Analysts expect interest rate cut by the end of this year

ISTANBUL

Analysts at some international banks are now expecting the Turkish Central Bank to deliver a rate cut in November after the bank altered its guidance.

In a statement accompanying its rate decision, the bank said on Sept. 19 that “monetary policy tools will be used effectively in case a significant and persistent deterioration in inflation is foreseen.”

In previous statements released after the rate decisions the bank emphasized that “monetary policy stance will be tightened in case a significant and persistent deterioration in inflation is foreseen.”

This alteration in guidance has led analysts to believe that the bank, which kept the policy rate unchanged at 50 percent for a sixth straight month last week, will deliver a rate cut.

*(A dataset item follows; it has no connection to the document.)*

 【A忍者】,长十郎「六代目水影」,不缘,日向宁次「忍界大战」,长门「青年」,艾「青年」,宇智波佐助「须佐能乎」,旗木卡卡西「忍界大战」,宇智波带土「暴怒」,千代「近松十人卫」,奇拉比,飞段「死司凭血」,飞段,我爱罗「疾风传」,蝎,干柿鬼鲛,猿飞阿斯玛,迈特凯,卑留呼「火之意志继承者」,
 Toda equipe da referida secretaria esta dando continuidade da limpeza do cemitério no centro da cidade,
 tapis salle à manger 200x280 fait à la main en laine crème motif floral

Hande Küçük, an economist at Morgan Stanley, is one of them. “It increased the chances of an earlier cut,” Küçük said.

Analysts at Goldman Sachs are now expecting a rate cut in November. They argue that the slowdown in domestic demand will reduce the inflation momentum sufficiently in September and October, allowing the Central Bank to make a rate cut of 100 basis points in November.

Analysts at Citi also believe the bank will wait until November to deliver a rate cut.

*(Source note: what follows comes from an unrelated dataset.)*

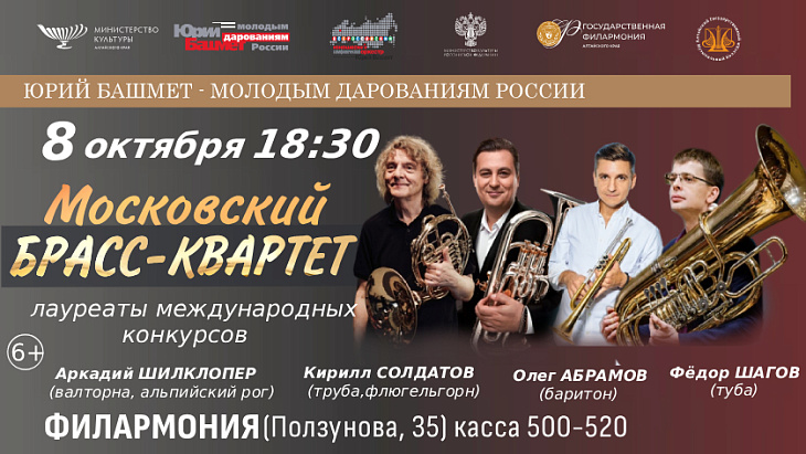 Зрителей ждёт не просто концерт, а встреча с новым звучанием медных духовых инструментов, где традиции и современность переплетаются в живом и насыщенном музыкальном диалоге, а каждый из участников квартета — самостоятельный голос в общем дыхании ансамбля, сообщает филармония. Возрастное ограничение 6+. Начало концерта в 18:30.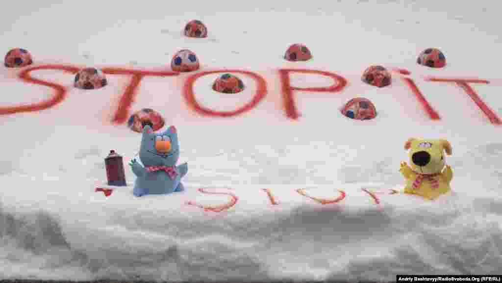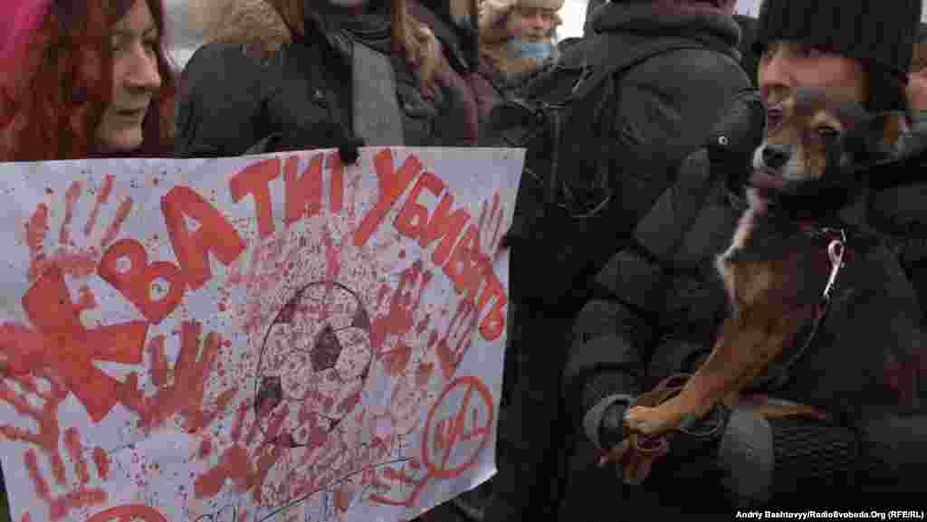 Кілька десятків осіб пікетують Кабмін, вимагаючи негайно припинити фізичне винищення тварин комунальними службами по всій країні. Учасники акції зазначають, що вони не представляють ніяку організацію і дізналися про акцію з Facebook, де було оголошено та організовано акцію на захист безпритульних тварин «Stop it»

İlker Domaç, an analyst at Citi, expects the bank to reduce the policy rate to 45 percent by the end of the year.

Meanwhile, in order to support macro-financial stability and the monetary transmission mechanism, the Central Bank took additional steps.

Reserve requirement ratios for Turkish Lira deposits and the ratio for lira-denominated required reserves that should be maintained for foreign currency (FX) deposits were changed.

The reserve ratio for short-term deposits was raised from a previous 12 percent to 15 percent.

The ratio for long-term deposits was increased from 8 percent to 10 percent, while the maintenance of lira for FX deposits was reduced from a previous 8 percent to 5 percent.